Risk currencies opened higher this morning following strong PMI numbers from Europe and comments from Fed President Bullard. Last week, Bullard suggested that the Fed may not raise interest rates until 2012 and overnight, he called on the Fed to extend its authority to buy Mortgage Backed Securities and Agency bonds beyond March. Although this represents a departure from his typically more hawkish stance, it is important to remember that Bullard is a non voting member of the FOMC. Yet, there is no question that most FOMC members are still very cautious. Evans for example warned that the unemployment rate may not peak until 10.5 percent and not decline until the summer. The more cautious the Fed is, the less likely they are to implement an exit strategy. As a result, traders are selling dollars and buying higher yielding currencies. The dollar carry may be an overused term but certainly not an overplayed trade. We continue to believe that 1.50 will only be a temporary barrier in the EUR/USD and that the U.S. dollar could fall another 5 to 7 percent before it stages a full blown recovery.

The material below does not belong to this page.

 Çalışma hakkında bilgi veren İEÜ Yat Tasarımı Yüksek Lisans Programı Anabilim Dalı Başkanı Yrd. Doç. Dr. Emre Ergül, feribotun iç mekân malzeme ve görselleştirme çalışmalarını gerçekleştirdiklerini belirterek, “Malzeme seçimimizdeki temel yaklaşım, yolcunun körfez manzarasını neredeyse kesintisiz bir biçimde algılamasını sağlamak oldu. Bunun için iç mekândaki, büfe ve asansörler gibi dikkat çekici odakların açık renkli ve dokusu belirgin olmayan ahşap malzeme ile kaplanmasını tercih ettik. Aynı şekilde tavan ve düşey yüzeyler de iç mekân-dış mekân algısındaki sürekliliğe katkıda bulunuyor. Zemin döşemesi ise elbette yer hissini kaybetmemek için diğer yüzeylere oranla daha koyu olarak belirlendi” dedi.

Existing Home Sales Jumps 10 Percent
This morning's existing home sales report was very strong with the number of units sold rising by the most since Feb 2007. The 10.1 percent rise is glaring evidence that despite a drop in builder confidence, permits and housing starts, the market for previously owned homes remains hot. The only wrinkle is that units are still being sold at lower prices but that is expected given the current state of the economy and tightness of credit. The average price of a home sold dropped from $221.9k to $218.1k in October.

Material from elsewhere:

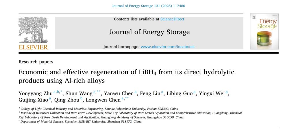 近日,轻化与材料学院科研团队在《Journal of Energy Storage》(影响因子9.8,JCR Q1)发表了题为《Economic and effective regeneration of LiBH4from itsdirect hydrolytic products using Al-rich alloys》的研究论文。永利官网为论文的第一单位,永利官网朱用洋博士为论文的第一作者兼通讯作者,学生郭丽冰、韦莹曦、肖贵静等共同参与了相关研究工作。该成果得到了国家自然科学基金、广东省基础与应用基础研究基金等项目的支持。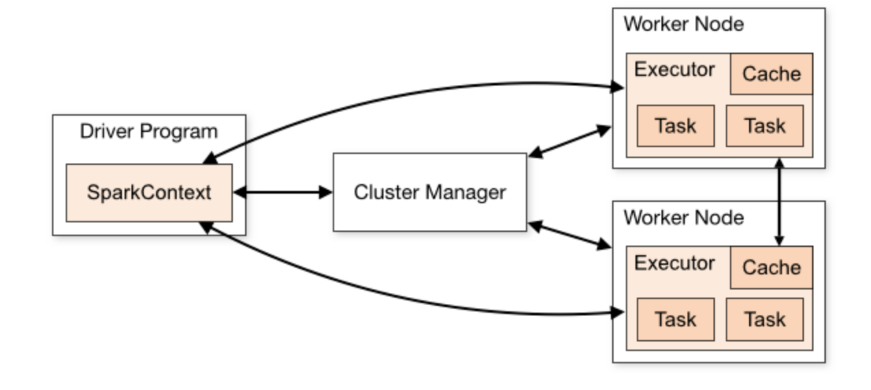 Spark其应用程序在集群中以独立的进程组来运行,分为Driver和Executor两个角色。Driver即用户的主程序,Executor会为用户的应用程序处理计算和数据程序,driver程序会在其生命周期中监听并接收来自它的executor连接。

Canadian Dollar Takes Off After Solid Retail Sales
Meanwhile the Canadian dollar strengthened dramatically following the much better than expected retail sales figures. USD/CAD dropped more than 150 pips and appears poised to test 1.05. The loonie is staging such a strong rally because not only did consumer spending jump 1.0 percent in September but the August data was also revised up from 0.8 to 1.0 percent. This is a testament to the resilience of the Canadian economy that retail sales increased 4 out of the last 5 months and 7 out of the last 9 months. Spending outside of automobiles was also very strong. Retail sales ex autos rose 1.1 percent thanks to a sharp increase in demand for furniture, electronics, food and beverages. Over the past few weeks, we have seen more evidence that the Canadian economy is becoming less sensitive to the U.S. economy, first through the trade numbers and now through retail sales. This means that GDP growth may have turned positive in September which could fuel further gains in the Canadian dollar. The U.S. economy could only hope for the same strength in headline and core retail sales as Canada.